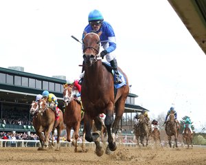 Marablue Farm and Pegasus Stud's Old Homestead was overlooked by the betting public in the first stakes race of the Keeneland spring meet—the 3-year-old son of Overanalyze had never raced beyond five furlongs and was shipping in having faced lesser company at Delta Downs for trainer Brett Brinkman. Yet the stretch out to seven furlongs or step up to stakes competition didn't faze Old Homestead, who barrelled to the front and never looked back in the Lafayette.
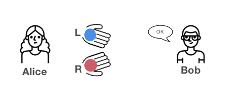 - Alice sẽ quy ước với Bob về số hiệu của 2 quả bóng (quả bên tay trái là quả số 1, quả bên tay phải là quả số 2 chẳng hạn).
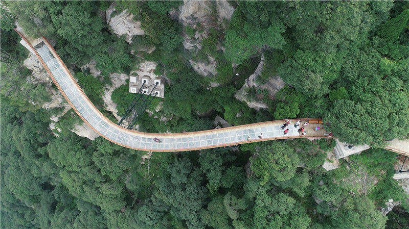 2018年6月23日,陜西渭南,游客們?cè)谏偃A山懸空玻璃棧道上游覽拍照。航拍少華山懸空玻璃棧道,下面就是懸崖密林。王警/視覺中國(guó)
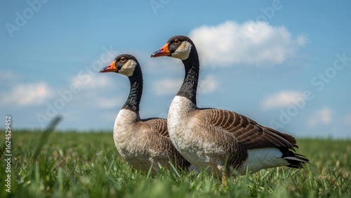 © AkuAku, Fototapeta premium Stunning farm birds grazing in a field

■ TASK BRIEF:
Restate exactly, please, only the lines between the start of the data and the line containing "2018年6月23日,陜西渭", both ends included, skipping the pictures.

■ RESULT:
 Marablue Farm and Pegasus Stud's Old Homestead was overlooked by the betting public in the first stakes race of the Keeneland spring meet—the 3-year-old son of Overanalyze had never raced beyond five furlongs and was shipping in having faced lesser company at Delta Downs for trainer Brett Brinkman. Yet the stretch out to seven furlongs or step up to stakes competition didn't faze Old Homestead, who barrelled to the front and never looked back in the Lafayette.
 - Alice sẽ quy ước với Bob về số hiệu của 2 quả bóng (quả bên tay trái là quả số 1, quả bên tay phải là quả số 2 chẳng hạn).
 2018年6月23日,陜西渭南,游客們?cè)谏偃A山懸空玻璃棧道上游覽拍照。航拍少華山懸空玻璃棧道,下面就是懸崖密林。王警/視覺中國(guó)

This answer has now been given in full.